Don’t say anything about people unless you can say it to their face

To go to the bigger picture first, the reason why all my work’s been built around wisdom rather than technique, is that part of it is about helping people recognize the consequences of what they do. On one hand, when someone has a conversation and they go to Facebook, start saying things there, one part is that it just lacks integrity and it’s cowardly to do that.

The other dimension of it is that you’ve just started something that’s going to have enormous consequences, and you don’t realize what you’ve done, that this will escalate, and something that was quite small turns into something huge. If you speak a word, you can’t get it back again.

Facebook means that I say things which I might not have done if I stopped and thought about it.
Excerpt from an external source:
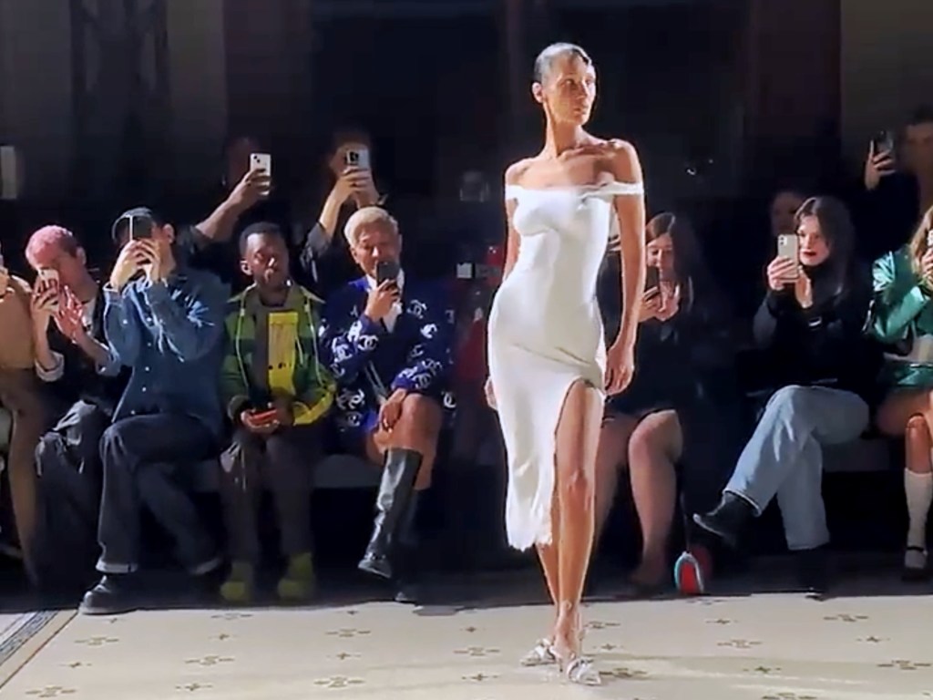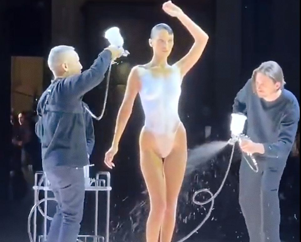 It is for sure a moment for history. The last look of the Coperni show yesterday saw Bella Hadid emerges in nothing but a thonged panty and a pair of heels, her right arm covering her breasts. She steps on to a low platform, and designers Sébastien Meyer and Arnaud Vaillant—hands with equipment very much similar to a spray gun used in spray painting—begin spraying the model. The sprayers dispel a white foamy liquid that quickly cover her body in opaque white (Ms Hadid slowly removes her arms as one breast is covered and then another). Those old enough would remember this as ‘airbrushing’. Very soon a semblance of a garment could be discerned. The body-con (naturally!) dress took about seven minutes to complete or about the time it takes to cook hard-boiled eggs. Talk about fast fashion!

We’ve seen politicians do this at the moment on the world stage. They just shoot off a tweet about something, but if they’ve stopped and said, “What are the consequences of what I’m about to do?” and if they’ve sat with their advisors and said, “Help me think this though,” they would all say, “Don’t do this.”

Photo: Frank Andree

The test is: “Would I actually say this to a person if we were face to face?”. If not, then don’t say it. Just don’t say it.

“Kill them with kindness”
My dad used to say to me, “Big doors swing on little hinges.” If you’re trying to accomplish something big in the world, he would say, “There’ll be a couple of people of good heart, there’ll be a couple of acts of kindness.” I worked in advising in some huge organizations and I’ve seen people trying to make really bold transformation, and I’ve never seen anything as powerful as an act of kindness to change people.

When we talk about people, we want them to have a different mindset, to think differently. I’ve never seen anybody produce that change without an act of kindness. It actually changes people.

When I think of the moments in my life when I changed most, some of those were really tough conversations, hard situations, but there’s always been an element of kindness around them. A person who spoke hard words to me but did it in a way that was caring. There was a person who could just tell me I was an idiot, but they humbled themselves to sit with me and listen to me.

There have been times when I was just young and stupid and did stupid things. I remember I failed my first exam in philosophy in my first graduate studies because I spent all my time writing on the exam telling the professor what a stupid exam it was. It was a foolish thing to do and he called me to his study to explain myself. Rather than tearing into me, which he could have done, he said, “Mark, why did you come here?” He invited me to tell my story and he offered to be my mentor, and he was for three years. That act of kindness is one of the things that changed me.